→ What this task involves:
Which lines below fall between the one containing "As CNS drug" and the one containing "To download the"? Repeat them exactly, counting both of those lines, and add nothing else.

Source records
--- START ---
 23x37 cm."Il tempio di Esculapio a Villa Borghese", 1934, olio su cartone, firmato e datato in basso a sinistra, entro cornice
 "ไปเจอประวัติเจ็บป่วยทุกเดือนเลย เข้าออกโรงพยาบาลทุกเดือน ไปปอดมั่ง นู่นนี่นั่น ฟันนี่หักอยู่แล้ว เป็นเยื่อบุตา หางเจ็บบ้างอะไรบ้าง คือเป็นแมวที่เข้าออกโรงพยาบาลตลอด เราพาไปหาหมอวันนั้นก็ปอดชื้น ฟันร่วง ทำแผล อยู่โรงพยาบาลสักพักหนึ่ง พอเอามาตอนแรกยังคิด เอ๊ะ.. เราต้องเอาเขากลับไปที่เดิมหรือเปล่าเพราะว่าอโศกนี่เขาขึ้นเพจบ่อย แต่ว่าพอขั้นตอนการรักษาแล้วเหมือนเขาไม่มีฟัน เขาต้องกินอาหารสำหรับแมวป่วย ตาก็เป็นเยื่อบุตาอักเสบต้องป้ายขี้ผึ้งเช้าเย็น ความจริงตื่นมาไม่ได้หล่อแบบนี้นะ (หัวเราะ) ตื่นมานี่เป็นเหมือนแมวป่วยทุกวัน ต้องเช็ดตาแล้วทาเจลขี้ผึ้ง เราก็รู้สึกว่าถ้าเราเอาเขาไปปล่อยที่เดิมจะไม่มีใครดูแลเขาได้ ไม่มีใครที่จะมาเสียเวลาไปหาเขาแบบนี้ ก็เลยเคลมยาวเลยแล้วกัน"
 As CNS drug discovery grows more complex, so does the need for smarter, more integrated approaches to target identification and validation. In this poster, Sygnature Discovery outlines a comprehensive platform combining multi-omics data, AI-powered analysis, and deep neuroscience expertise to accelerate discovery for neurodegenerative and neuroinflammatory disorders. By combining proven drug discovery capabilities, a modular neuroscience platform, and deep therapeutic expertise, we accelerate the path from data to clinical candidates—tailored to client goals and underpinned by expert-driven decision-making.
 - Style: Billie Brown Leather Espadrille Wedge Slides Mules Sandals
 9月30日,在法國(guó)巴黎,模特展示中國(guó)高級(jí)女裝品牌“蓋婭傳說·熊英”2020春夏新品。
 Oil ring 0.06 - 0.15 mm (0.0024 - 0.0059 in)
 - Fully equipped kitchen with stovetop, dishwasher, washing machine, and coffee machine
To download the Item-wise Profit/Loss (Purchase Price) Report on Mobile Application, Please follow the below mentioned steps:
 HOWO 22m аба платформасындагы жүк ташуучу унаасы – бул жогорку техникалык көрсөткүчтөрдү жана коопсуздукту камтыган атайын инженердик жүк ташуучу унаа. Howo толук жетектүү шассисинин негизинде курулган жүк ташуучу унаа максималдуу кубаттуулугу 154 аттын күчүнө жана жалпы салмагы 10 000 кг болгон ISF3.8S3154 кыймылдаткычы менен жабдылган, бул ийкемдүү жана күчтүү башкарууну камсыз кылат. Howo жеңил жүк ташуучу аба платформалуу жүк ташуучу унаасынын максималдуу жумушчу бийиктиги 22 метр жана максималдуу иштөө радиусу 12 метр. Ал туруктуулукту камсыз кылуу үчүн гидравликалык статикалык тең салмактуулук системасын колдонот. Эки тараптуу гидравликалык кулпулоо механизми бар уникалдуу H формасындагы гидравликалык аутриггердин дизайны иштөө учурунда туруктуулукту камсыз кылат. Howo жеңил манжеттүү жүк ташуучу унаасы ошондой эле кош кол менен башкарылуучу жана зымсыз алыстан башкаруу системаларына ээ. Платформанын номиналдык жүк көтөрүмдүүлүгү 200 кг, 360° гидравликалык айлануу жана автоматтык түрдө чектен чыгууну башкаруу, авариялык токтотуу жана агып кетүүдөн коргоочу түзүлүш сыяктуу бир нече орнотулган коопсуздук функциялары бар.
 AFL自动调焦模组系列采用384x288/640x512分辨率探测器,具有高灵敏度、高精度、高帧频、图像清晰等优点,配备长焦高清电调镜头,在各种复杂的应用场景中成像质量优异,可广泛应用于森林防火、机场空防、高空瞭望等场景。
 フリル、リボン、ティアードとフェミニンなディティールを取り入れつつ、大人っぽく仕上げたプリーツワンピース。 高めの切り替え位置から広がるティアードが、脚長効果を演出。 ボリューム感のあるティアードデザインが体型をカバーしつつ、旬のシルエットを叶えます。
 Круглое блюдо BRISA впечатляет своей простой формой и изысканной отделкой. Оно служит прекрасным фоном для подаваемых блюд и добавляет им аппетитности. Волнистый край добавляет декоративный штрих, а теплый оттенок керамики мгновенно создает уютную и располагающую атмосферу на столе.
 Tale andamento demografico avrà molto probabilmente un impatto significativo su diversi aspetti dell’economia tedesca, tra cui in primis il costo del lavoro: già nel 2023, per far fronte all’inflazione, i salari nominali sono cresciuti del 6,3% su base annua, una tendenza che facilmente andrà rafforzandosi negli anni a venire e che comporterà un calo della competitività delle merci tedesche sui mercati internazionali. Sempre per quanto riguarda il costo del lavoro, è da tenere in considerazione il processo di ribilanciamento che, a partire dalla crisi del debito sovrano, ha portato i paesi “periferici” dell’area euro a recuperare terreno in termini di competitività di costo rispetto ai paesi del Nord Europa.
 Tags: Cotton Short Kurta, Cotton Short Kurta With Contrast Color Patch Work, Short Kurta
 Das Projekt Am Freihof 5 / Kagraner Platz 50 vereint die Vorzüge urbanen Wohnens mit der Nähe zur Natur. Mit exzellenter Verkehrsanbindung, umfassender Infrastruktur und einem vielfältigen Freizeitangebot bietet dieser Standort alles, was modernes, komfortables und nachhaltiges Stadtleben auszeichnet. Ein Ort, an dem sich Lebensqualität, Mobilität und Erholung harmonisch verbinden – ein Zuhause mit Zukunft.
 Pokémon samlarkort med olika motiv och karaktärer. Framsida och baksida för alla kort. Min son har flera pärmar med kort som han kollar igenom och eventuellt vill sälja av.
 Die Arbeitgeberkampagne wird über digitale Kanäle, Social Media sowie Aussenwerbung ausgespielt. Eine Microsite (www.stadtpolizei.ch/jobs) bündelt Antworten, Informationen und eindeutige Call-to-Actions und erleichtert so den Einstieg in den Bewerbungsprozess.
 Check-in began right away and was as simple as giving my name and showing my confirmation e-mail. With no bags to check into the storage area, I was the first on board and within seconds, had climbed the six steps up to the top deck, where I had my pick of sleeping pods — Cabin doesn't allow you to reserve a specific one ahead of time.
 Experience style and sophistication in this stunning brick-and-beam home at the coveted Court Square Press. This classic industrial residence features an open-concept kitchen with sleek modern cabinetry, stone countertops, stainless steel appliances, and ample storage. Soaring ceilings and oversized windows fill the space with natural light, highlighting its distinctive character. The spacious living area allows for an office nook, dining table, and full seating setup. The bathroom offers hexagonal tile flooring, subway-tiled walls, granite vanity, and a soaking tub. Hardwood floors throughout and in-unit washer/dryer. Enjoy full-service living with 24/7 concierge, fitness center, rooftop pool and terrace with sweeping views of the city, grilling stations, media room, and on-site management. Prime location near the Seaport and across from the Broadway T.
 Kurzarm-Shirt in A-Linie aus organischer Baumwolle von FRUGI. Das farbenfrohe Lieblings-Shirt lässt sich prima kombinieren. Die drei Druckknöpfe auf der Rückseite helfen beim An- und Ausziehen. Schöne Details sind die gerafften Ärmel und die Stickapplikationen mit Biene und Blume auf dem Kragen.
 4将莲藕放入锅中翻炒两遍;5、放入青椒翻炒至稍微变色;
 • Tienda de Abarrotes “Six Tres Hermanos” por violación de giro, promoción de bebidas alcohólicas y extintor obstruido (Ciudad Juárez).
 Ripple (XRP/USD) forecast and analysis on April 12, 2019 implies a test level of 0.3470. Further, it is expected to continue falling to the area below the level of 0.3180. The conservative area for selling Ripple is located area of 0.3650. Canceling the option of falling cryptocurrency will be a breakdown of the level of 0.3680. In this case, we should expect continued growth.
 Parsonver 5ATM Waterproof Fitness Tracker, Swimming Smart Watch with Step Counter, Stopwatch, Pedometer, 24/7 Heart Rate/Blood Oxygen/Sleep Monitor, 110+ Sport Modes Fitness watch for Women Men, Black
--- END ---
→ Task solution:
 As CNS drug discovery grows more complex, so does the need for smarter, more integrated approaches to target identification and validation. In this poster, Sygnature Discovery outlines a comprehensive platform combining multi-omics data, AI-powered analysis, and deep neuroscience expertise to accelerate discovery for neurodegenerative and neuroinflammatory disorders. By combining proven drug discovery capabilities, a modular neuroscience platform, and deep therapeutic expertise, we accelerate the path from data to clinical candidates—tailored to client goals and underpinned by expert-driven decision-making.
 - Style: Billie Brown Leather Espadrille Wedge Slides Mules Sandals
 9月30日,在法國(guó)巴黎,模特展示中國(guó)高級(jí)女裝品牌“蓋婭傳說·熊英”2020春夏新品。
 Oil ring 0.06 - 0.15 mm (0.0024 - 0.0059 in)
 - Fully equipped kitchen with stovetop, dishwasher, washing machine, and coffee machine
To download the Item-wise Profit/Loss (Purchase Price) Report on Mobile Application, Please follow the below mentioned steps:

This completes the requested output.